There are thorny problems with the legacy principle as well. Given how ethical views have evolved since the Middle Ages regarding slavery, women’s rights, etc., would we really want people from 1,500 years ago to have a lot of influence over how today’s world is run? If not, why should we try to impose our ethics on future beings that may be dramatically smarter than us? Are we really confident that superhuman AGI would want what our inferior intellects cherish? This would be like a four-year-old imagining that once she grows up and gets much smarter, she’s going to want to build a gigantic gingerbread house where she can spend all day eating candy and ice cream. Like her, life on Earth is likely to outgrow its childhood interests. Or imagine a mouse creating human-level AGI, and figuring it will want to build entire cities out of cheese. On the other hand, if we knew that superhuman AI would one day commit cosmocide and extinguish all life in our Universe, why should today’s humans agree to this lifeless future if we have the power to prevent it by creating tomorrow’s AI differently?

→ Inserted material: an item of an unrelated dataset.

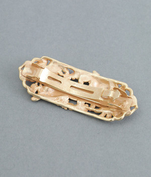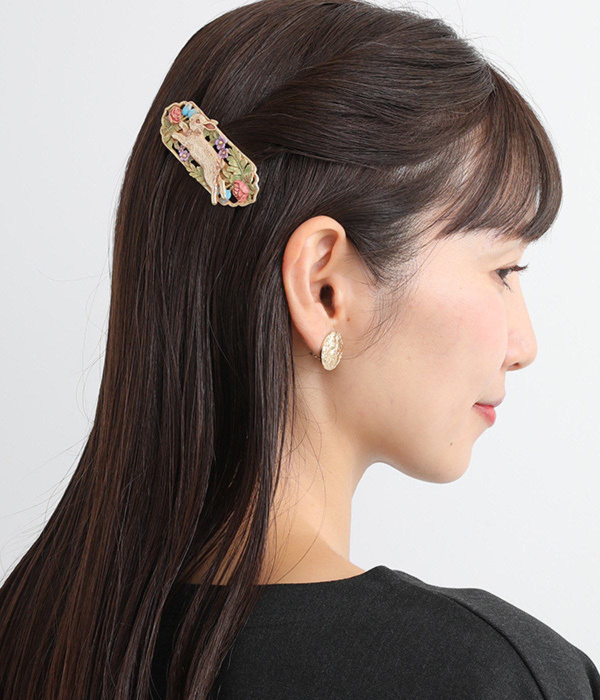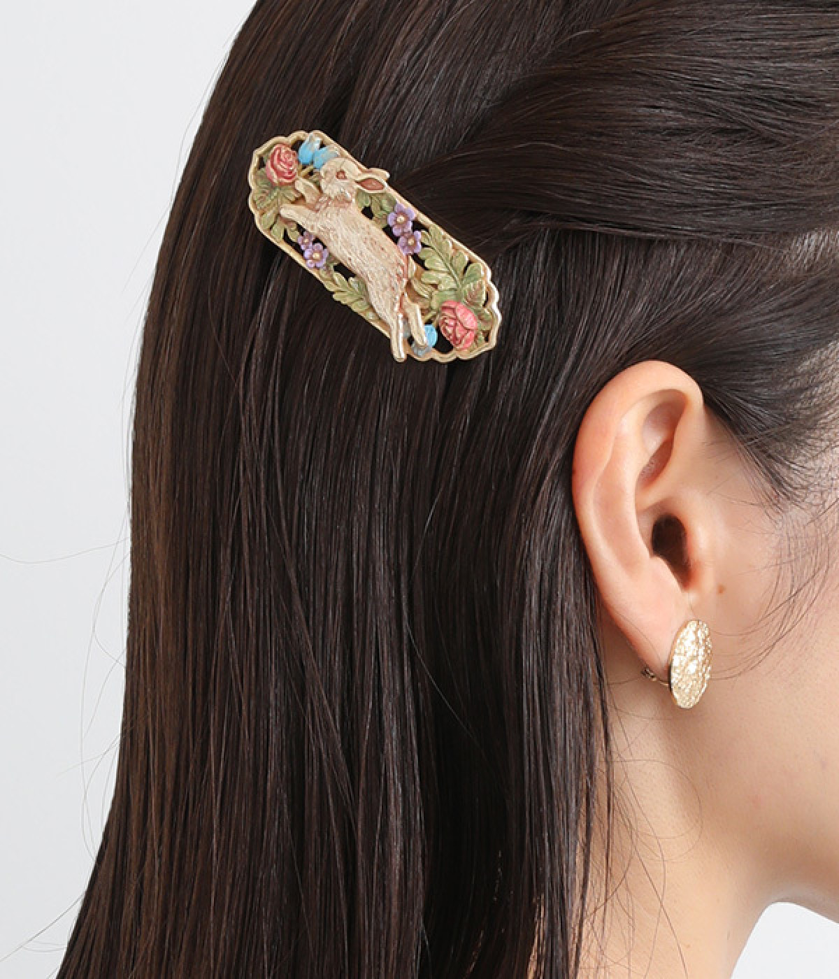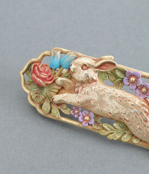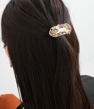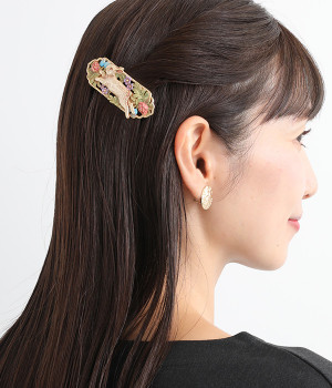 優雅に飛び跳ねる野ウサギの様子が大胆に描かれたバレッタです。パープルやブルーなどの花々が咲き乱れ、豊かな色彩は見ているだけで心が踊ります。シンプルなスタイルにこそ取り入れたい手の込んだデザインが◎。ぱちんと閉じるだけで着用できるので、ヘアアレンジが苦手な方にもおすすめです。

In conclusion, it’s tricky to fully codify even widely accepted ethical principles into a form applicable to future AI, and this problem deserves serious discussion and research as AI keeps progressing. In the meantime, however, let’s not let perfect be the enemy of good: there are many examples of uncontroversial “kindergarten ethics” that can and should be built into tomorrow’s technology. For example, large civilian passenger aircraft shouldn’t be allowed to fly into stationary objects, and now that virtually all of them have autopilot, radar and GPS, there are no longer any valid technical excuses. Yet the September 11 hijackers flew three planes into buildings and suicidal pilot Andreas Lubitz flew Germanwings Flight 9525 into a mountain on March 24, 2015—by setting the autopilot to an altitude of 100 feet (30 meters) above sea level and letting the flight computer do the rest of the work. Now that our machines are getting smart enough to have some information about what they’re doing, it’s time for us to teach them limits. Any engineer designing a machine needs to ask if there are things that it can but shouldn’t do, and consider whether there’s a practical way of making it impossible for a malicious or clumsy user to cause harm.
Ultimate Goals?
This chapter has been a brief history of goals. If we could watch a fast-forward replay of our 13.8-billion-year cosmic history, we’d witness several distinct stages of goal-oriented behavior:
1. Matter seemingly intent on maximizing its dissipation
2. Primitive life seemingly trying to maximize its replication
3. Humans pursuing not replication but goals related to pleasure, curiosity, compassion and other feelings that they’d evolved to help them replicate
4. Machines built to help humans pursue their human goals
If these machines eventually trigger an intelligence explosion, then how will this history of goals ultimately end? Might there be a goal system or ethical framework that almost all entities converge to as they get ever more intelligent? In other words, do we have an ethical destiny of sorts?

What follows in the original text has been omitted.